Soleno Therapeutics has achieved a significant milestone in the treatment of a rare genetic disorder, announcing the publication of pivotal clinical study results for VYKAT™ XR in the prestigious Journal of Clinical Endocrinology and Metabolism. According to The Manilla Times, the publication marks another step in validating what is currently the first and only FDA-approved treatment specifically targeting hyperphagia, the hallmark and most debilitating symptom of Prader-Willi Syndrome (PWS).
The published research details findings from a 16-week randomized withdrawal study (C602-RWP) involving 77 participants who had previously completed earlier Phase 3 trials. In this controlled trial, participants were randomly assigned to either continue receiving VYKAT XR (diazoxide choline extended-release tablets) or switch to placebo. The results provided compelling evidence of the drug’s therapeutic necessity: when patients transitioned to placebo, hyperphagia symptoms worsened significantly compared to those who remained on active treatment.
The study measured hyperphagia severity using the Hyperphagia Questionnaire for Clinical Trials (HQ-CT), which served as the primary endpoint. Results showed statistically significant worsening in the placebo group compared to the VYKAT XR group, with a p-value of 0.0022. Beyond symptom questionnaires, the researchers observed tangible physical consequences: patients on placebo gained more weight and experienced greater increases in BMI z-scores than those continuing VYKAT XR treatment, underscoring the drug’s metabolic benefits.

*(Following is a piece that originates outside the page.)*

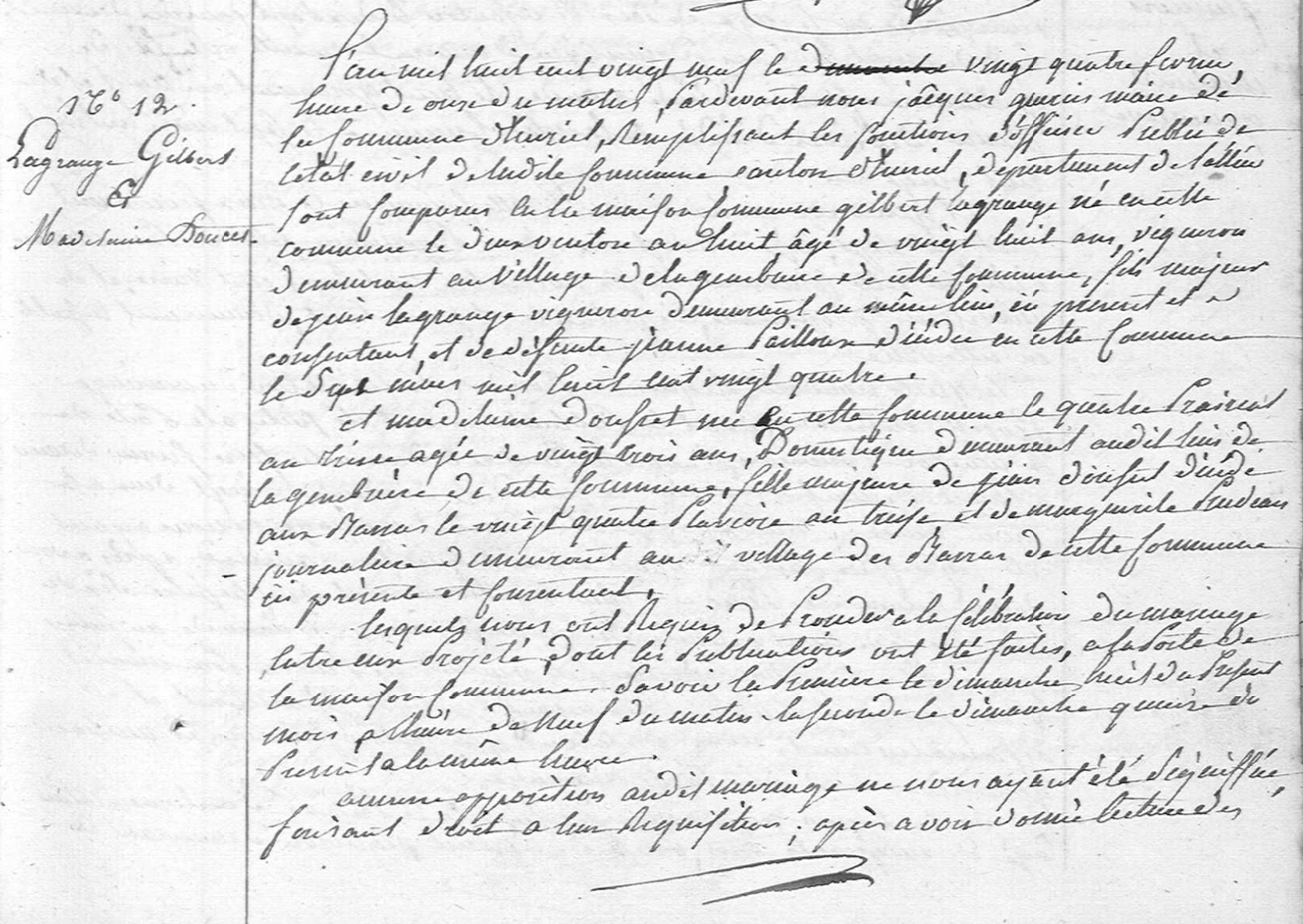 Acte de Mariage de Gilbert Lagrange avec Madeleine Doucet 1/2

The comprehensive Phase 3 clinical program supporting VYKAT XR’s FDA approval involved 127 participants with over 400 patient-years of drug exposure, including individuals with nearly six years of continuous treatment. This extensive data collection period provided robust safety and efficacy information for regulatory decision-making.
According to Dr. Jennifer Miller, lead author and a Pediatric Endocrinology professor at the University of Florida, the randomized withdrawal study’s results reinforce the meaningful and sustained benefits of VYKAT XR in managing this previously untreated condition. The symptom improvements extended beyond questionnaire scores; secondary endpoints including Clinical Global Impression measures, though not reaching statistical significance, also favored the active treatment group.

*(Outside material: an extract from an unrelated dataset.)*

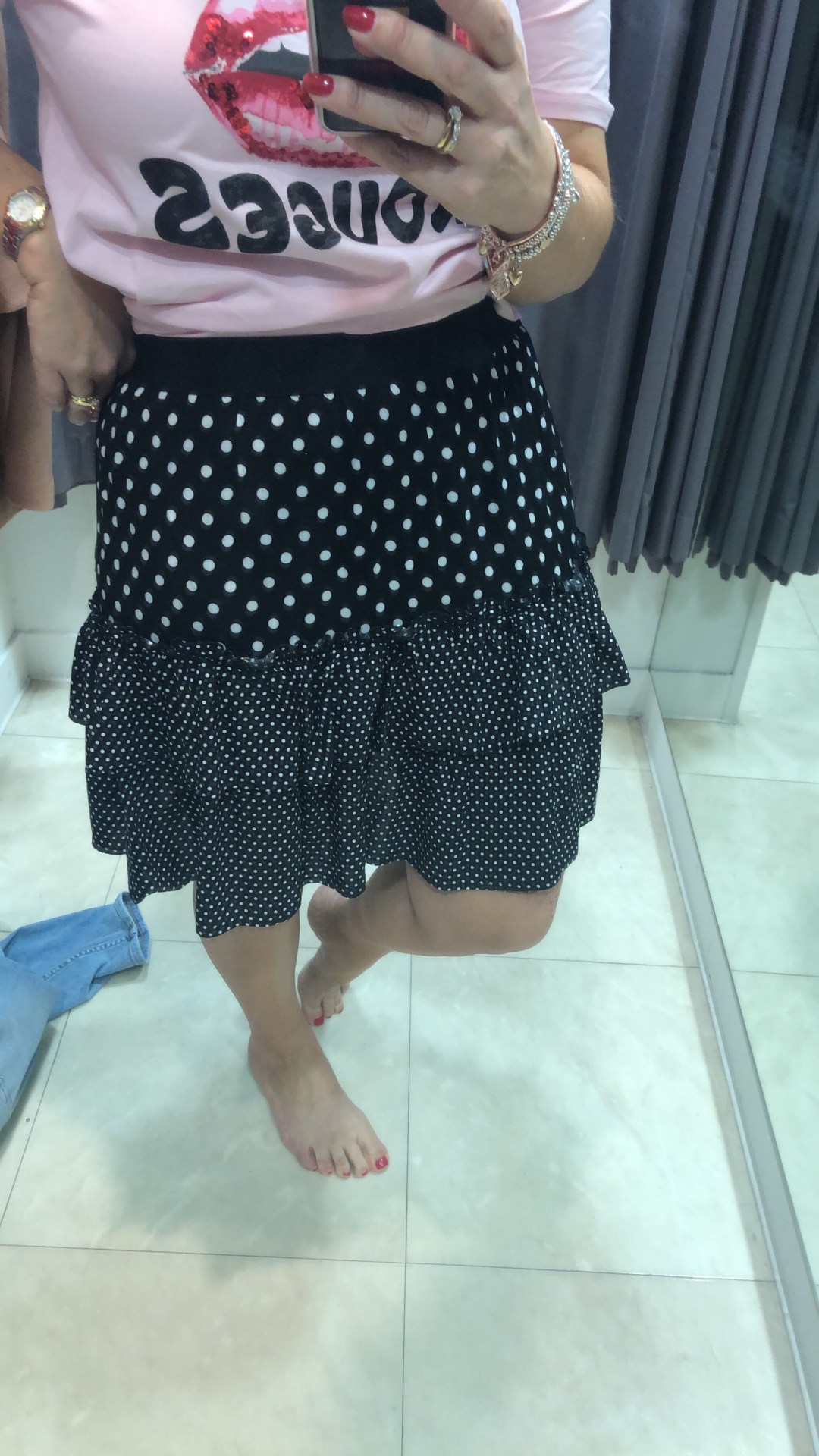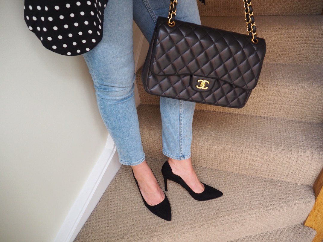 Black lace dress and spotty kitten heels (occasion)

Safety data remained favorable throughout the trial, with adverse events occurring at similar rates in both treatment arms. Notably, no serious adverse events were reported in the VYKAT XR group, and no participant discontinued the study drug due to adverse effects.
Prader-Willi Syndrome is a rare genetic neurodevelopmental disorder affecting approximately one in every 15,000 live births. Hyperphagia in PWS manifests as a chronic, life-threatening condition characterized by constant hunger sensation, persistent food preoccupation, compulsive eating behavior, and absent satiety signals. Without proper management, this symptom can lead to immediate dangers such as stomach rupture or choking, and long-term complications including obesity, diabetes, and cardiovascular disease.
The FDA approved VYKAT XR on March 26, 2025, for treating hyperphagia in adults and pediatric patients 4 years and older with PWS. The successful publication in JCEM, one of the world’s leading peer-reviewed journals specializing in endocrine and metabolic research, provides additional scientific validation for clinicians considering this treatment option and offers families affected by PWS evidence-based hope for managing this previously untreated symptom.